[DATA SECTION — start]

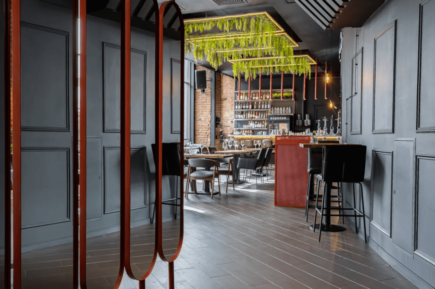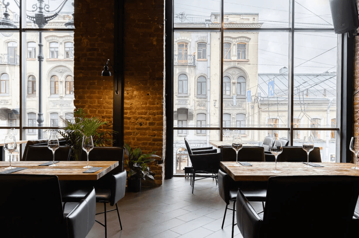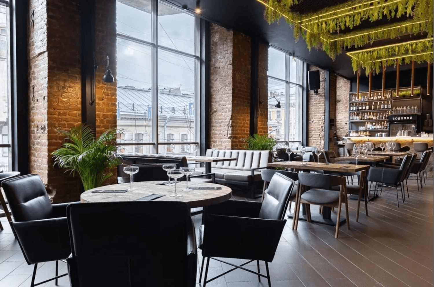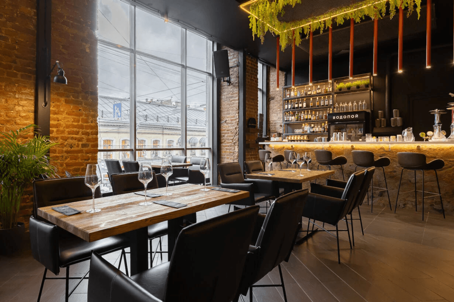 Атмосфера. Пространство с высокими потолками, кирпичными стенами и панорамными окнами смотрится особенно эффектно и индустриально на фоне исторической застройки за окном. Минималистичная мебель в темных тонах, живые растения и ироничные панно формируют комфортную среду для любого типа отдыха — от работы за ноутбуком до вечерних диджей-сетов.
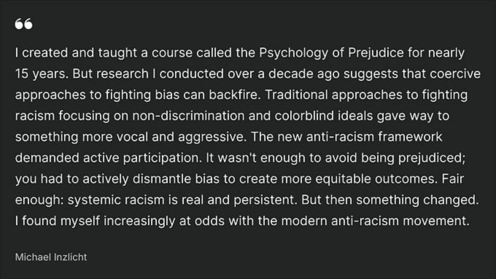 I’ve been reflecting on some backfire moments in EDI and anti-bias discussions. I truly appreciate Dr. Inzlicht’s insightful and professional articulation of these dynamics.
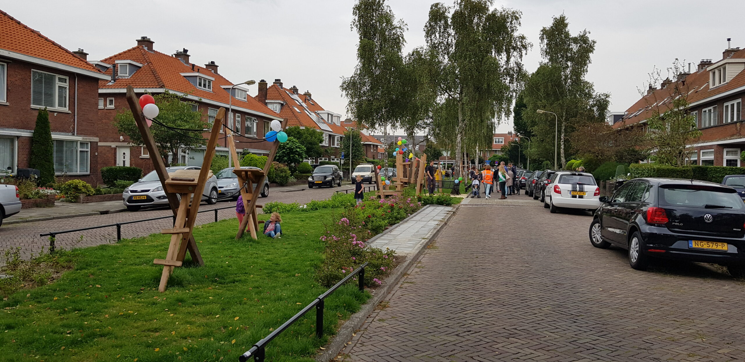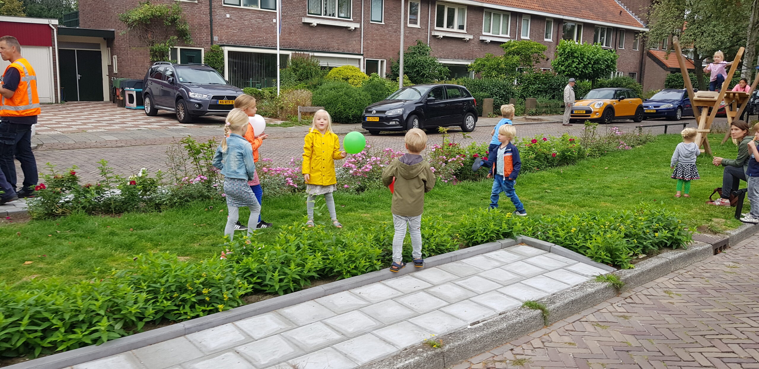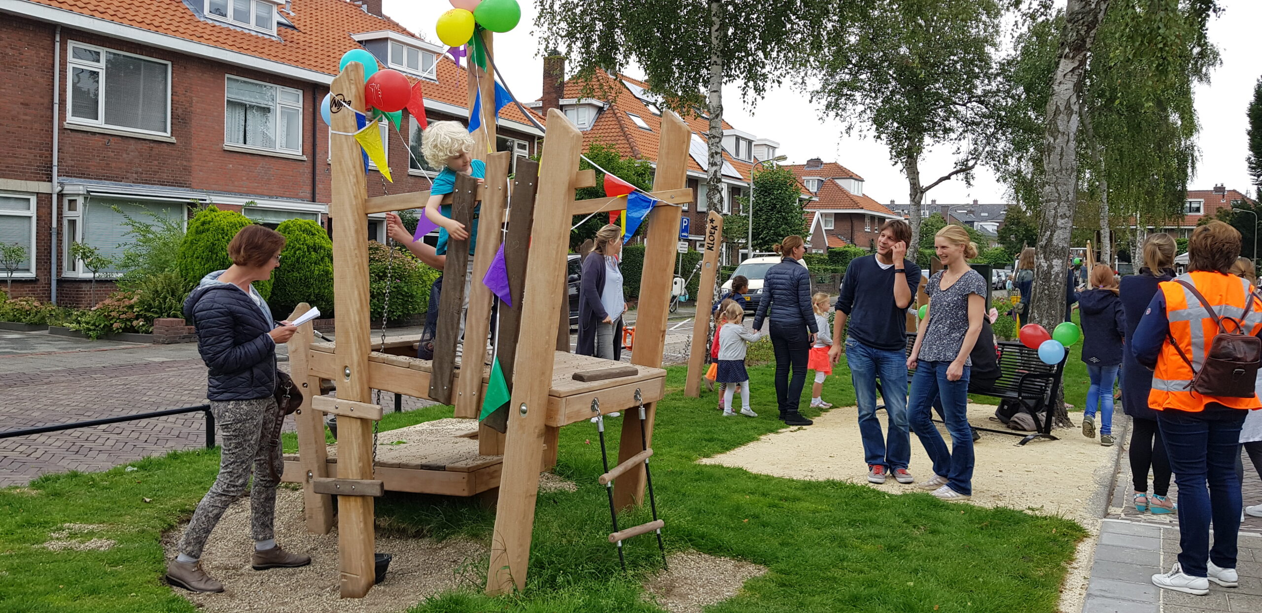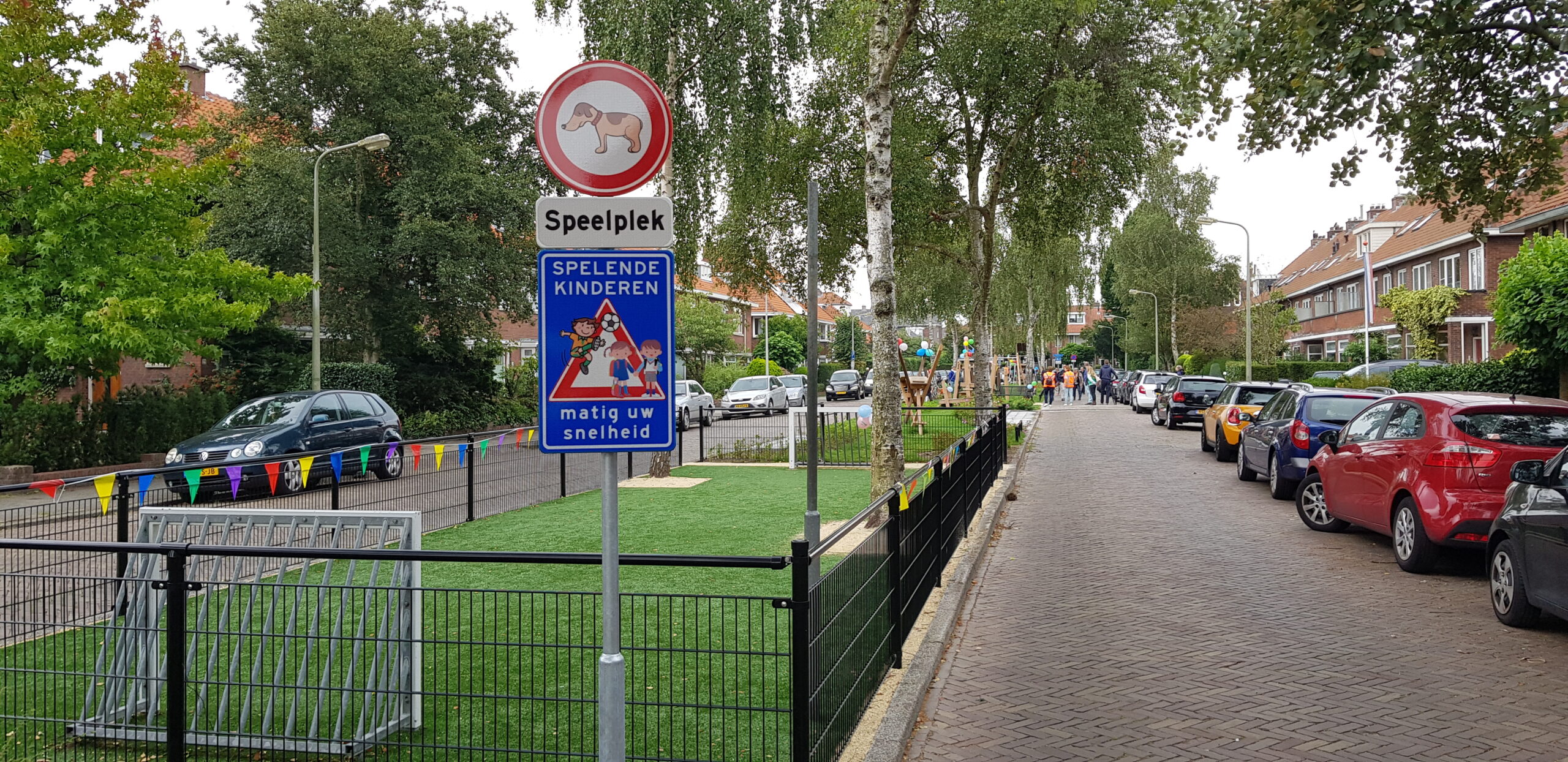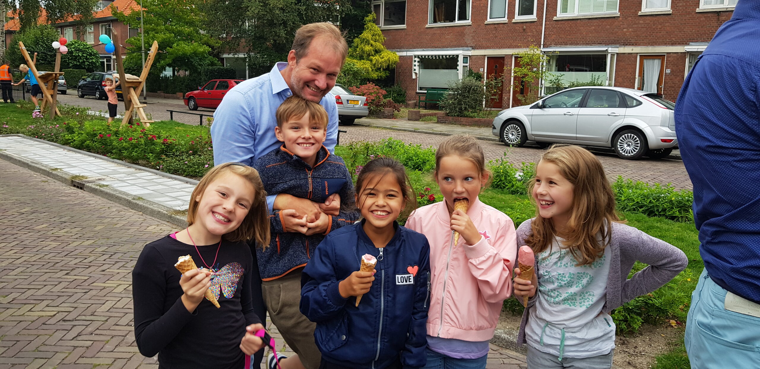 De wat oudere kinderen zijn vooral blij dat er nu niet meer alleen speeltoestellen zijn voor de allerkleinsten. Een familieschommel stond hoog op hun verlanglijstje en die is er nu ook. Aan weerszijden van de bespeelbare groenstrook zijn nu veldjes aangelegd voor voetbal en hockey. Met een hek er omheen, zodat kinderen niet meer zomaar de straat op kunnen lopen als er een bal van het veldje wordt getrapt. Een zorg minder voor de ouders die in de oude situatie nog weleens met de zenuwen in het lijf zaten.

[DATA SECTION — finish]

PROBLEM DETAILS >> Leave out the pictures and reproduce the rest of the listing exactly.

WRITTEN REPLY >>
 Атмосфера. Пространство с высокими потолками, кирпичными стенами и панорамными окнами смотрится особенно эффектно и индустриально на фоне исторической застройки за окном. Минималистичная мебель в темных тонах, живые растения и ироничные панно формируют комфортную среду для любого типа отдыха — от работы за ноутбуком до вечерних диджей-сетов.
 I’ve been reflecting on some backfire moments in EDI and anti-bias discussions. I truly appreciate Dr. Inzlicht’s insightful and professional articulation of these dynamics.
 De wat oudere kinderen zijn vooral blij dat er nu niet meer alleen speeltoestellen zijn voor de allerkleinsten. Een familieschommel stond hoog op hun verlanglijstje en die is er nu ook. Aan weerszijden van de bespeelbare groenstrook zijn nu veldjes aangelegd voor voetbal en hockey. Met een hek er omheen, zodat kinderen niet meer zomaar de straat op kunnen lopen als er een bal van het veldje wordt getrapt. Een zorg minder voor de ouders die in de oude situatie nog weleens met de zenuwen in het lijf zaten.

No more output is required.